Updated: August 29, 2021 10:05:08 pm
Earlier this month, the Securities and Exchange Board of India approved the merger of the SEBI (Share Based Employee Benefits) Regulations, 2014 (SBEB Regulations) and the SEBI (Issue of Sweat Equity) Regulations, 2002 (Sweat Equity Regulations) into the SEBI (Share Based Employee Benefits and Sweat Equity) Regulations, 2021. The new regulations have widened the scope of employees who can be offered stock options, and brought in other key changes that will benefit the employees and listed companies issuing these options.
What are the key changes?
Companies will now be allowed to provide share-based employee benefits to employees, who are exclusively working for such a company or any of its group companies including a subsidiary or an associate. Under the earlier regulations, only permanent employees of the company and its holding and subsidiary companies were eligible for share-based benefits; the new regulations broaden this by deleting the word “permanent” and also permitting employees of group/associate companies. Experts say this will not only help companies to better use share-based employee benefits for retaining employees for longer period, but also imbibe a sense of responsibility and ownership in the employee that will push him/her to work for the growth of the company.
Are the new rules applicable to all companies?
No, these will be applicable only to listed companies as these have been framed by SEBI, which only regulates listed companies. For unlisted companies, any change needed will have to be brought into the Companies Act 2013, by the Ministry of Corporate Affairs.
What are the other important changes?
To provide immediate relief to an employee or his/her family in instances of permanent incapacity or death, the regulations have dispensed with the requirement of a minimum vesting period and lock-in period (minimum 1 year) for all share benefit schemes. Experts feel this will allow companies to provide instant relief to bereaved family members who otherwise would have had to wait.
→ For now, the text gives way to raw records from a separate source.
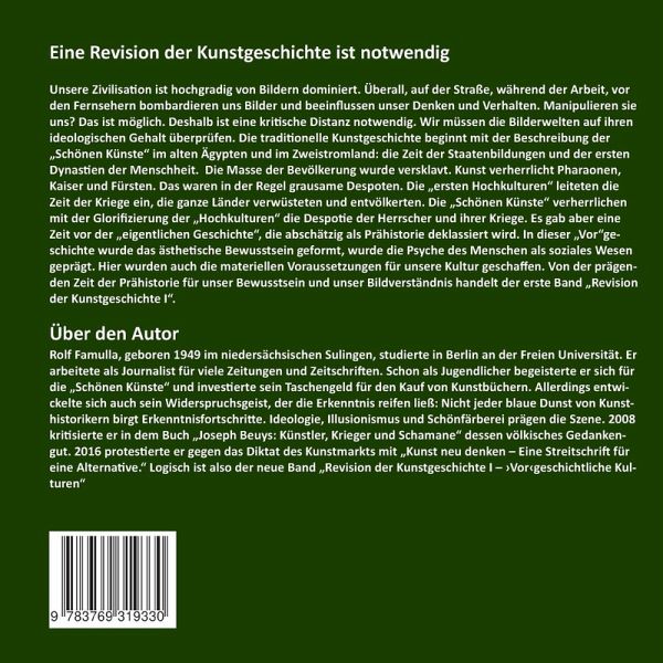 Eine Revision der Kunstgeschichte ist notwendig Unsere Zivilisation ist hochgradig von Bildern dominiert. Überall, auf der Straße, während der Arbeit vor dem Fernsehen bombardieren uns Bilder und beeinflussen unser Denken und Verhalten. Manipulieren sie uns? Das ist möglich. Deshalb ist eine kritische Distanz notwendig. Wir müssen die Bilderwelten auf ihren ideologischen Gehalt überprüfen. Die traditionelle Kunstgeschichte beginnt mit der Beschreibung der Schönen Künste im alten Ägypten und im Zweistromland. Das war aber die Zeit der Staatenbildung und der Errichtung der ersten Dynastien der Menschheit. Die Masse der Bevölkerung wurde versklavt. Kunst verherrlicht Pharaonen, Kaiser und Fürsten. Das waren in der Regel grausame Despoten. Die ersten Hochkulturen leiteten die Zeit der Kriege ein, die ganze Länder verwüsteten und entvölkerten. Die Schönen Künste verherrlichen mit der Glorifizierung der Hochkulturen die Despotie der Herrscher und ihrer Kriege. Es gab aber eine Zeit vor der eigentlichen Geschichte, die abschätzig als Prähistorie deklassiert wird. In dieser Vorgeschichte wurde das ästhetische Bewusstsein geformt, wurde die Psyche des Menschen als soziales Wesen geprägt. Hier wurden auch die materiellen Voraussetzungen für unsere Kultur geschaffen. Von der prägenden Zeit der Prähistorie für unser Bewusstsein und unseres Bildverständnisses handelt der erste Band Revision der Kunstgeschichte I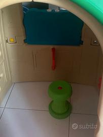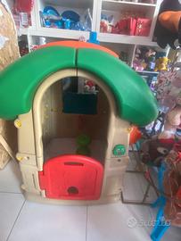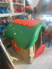 Casetta funghetto nuova di zecca è stata solo in esposizione in negozio in solida plastica antiurto antigraffio, comunemente viene usata nelle ludoteche per la sua robustezza e facilità nel montaggio smontaggio, può stare tranquillamente sia all'interno che all'esterno non teme pioggia freddo caldo, all'interno trova spazio uno sgabello e il piano cottura richiudibile più altri giochini manuali. Il suo prezzo è di 650/ 800 euro, io la propongo a 250.00 . Vero affare se volete regalare un gioco di eterna durata.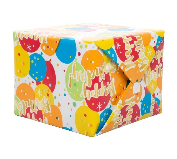 Urodzinowy papier do pakowania prezentów z wzorem napisu "Happy Birthday" i balonów. Materiał: Papier Wymiary: 75 x 150 cm Opakowanie: 1 szt. przeczytaj całość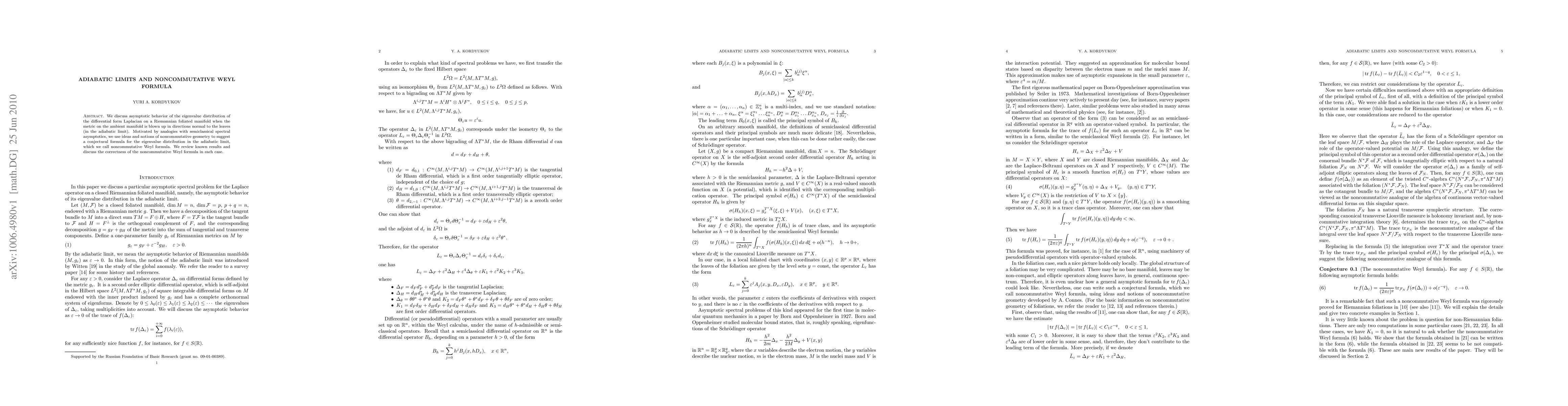 We discuss asymptotic behavior of the eigenvalue distribution of the differential form Laplacian on a Riemannian foliated manifold when the metric on the ambient manifold is blown up in directions normal to the leaves (in the adiabatic limit). Motivated by analogies with semiclassical spectral asymptotics, we use ideas and notions of noncommutative geometry to suggest a conjectural formula for the eigenvalue distribution in the adiabatic limit, which we call noncommutative Weyl formula. We review known results and discuss the correctness of the noncommutative Weyl formula in each case.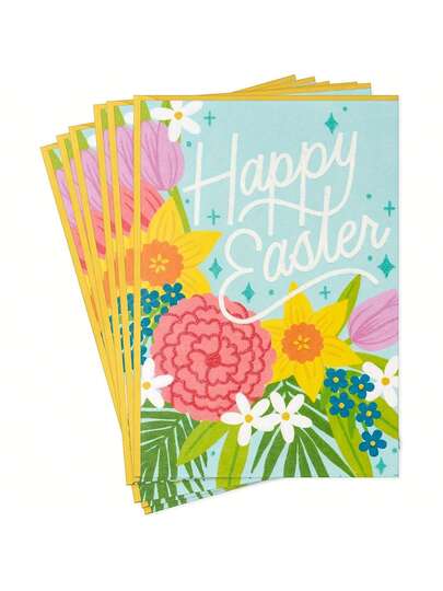 6 Piezas Tarjetas De Felicitación De Pascua, Felicidad (tarjetas De 8 X 6 Pulgadas Con Sobres) - Una flor - Añade 1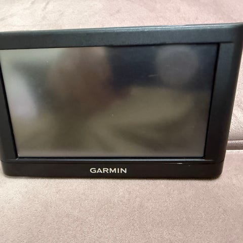 Garmin GPS navigation enhed med farveskærm, touchscreen interface og funktioner til søgning og visning af kort. Enheden er designet til brug i bil og hjælper med rutevejledning og navigation.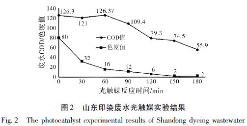 可见,光触媒反应0.5h时,随着光触媒反应时间的加长,该废水的COD与色度均有不同程度的下降;当光触媒反应时间为1.0h时,色度降至8倍,COD降至78.2mg/L;当光触媒反应时间为2.0h时,色度不再变化,而COD值降至47.2mg/L。

The new regulations have extended the time period for appropriating the unappropriated inventory of shares held by the trust from the existing one year to two years, subject to the approval of the Compensation Committee/ Nomination and Remuneration Committee. This is expected to provide relief to companies that could not grant or dispose of such excess inventory due to adverse market conditions.
The regulations now also permit companies to transfer excess shares or monies held by a trust upon its winding up, to other share-based employee benefit schemes, subject to approval of the shareholders for such transfer. This measure will give more clarity to companies to manage their assets and financial resources of the trust in a more efficient and organised manner.
The regulations will now provide companies with flexibility in switching administration of their schemes from the trust route to the direct route, or vice versa, with the approval of the shareholders, subject to the condition that the switch is not prejudicial to the interest of the employees. Earlier, companies that opted for any of these routes had to carry on with that route until the conclusion of the scheme. As there are some practical challenges in either of the routes, switching will provide flexibility to overcome the respective challenges.
When will sweat equity get issued?
Sweat equity shares will be allowed to be issued for providing the know-how or making available rights in the nature of intellectual property rights or value additions.
As per Section 2(88) of the Companies Act, 2013 “sweat equity shares” means such equity shares as are issued by a company to its directors or employees at a discount or for consideration, other than cash, for providing their know-how or making available rights in the nature of intellectual property rights or value additions, by whatever name called.
The regulations have aligned the pricing and the lock-in requirements of the sweat equity shares with the preferential issue norms as provided in the SEBI (Issue of Capital and Disclosure Requirements) Regulations, 2018.
The maximum yearly limit of sweat equity shares that can be issued by a company listed on the main board has been prescribed at 15% of the existing paid-up equity share capital within the overall limit, not exceeding 25% of the paid-up capital at any time.
Further, in case of companies listed on the Innovators Growth Platform (IGP), the yearly limit will be 15% and overall limit will be 50% of the paid-up capital at any time. This enhanced overall limit for IGP will be applicable for 10 years from the date of the company’s incorporation. This proposal will benefit all new start-up companies seeking listing on the IGP platform.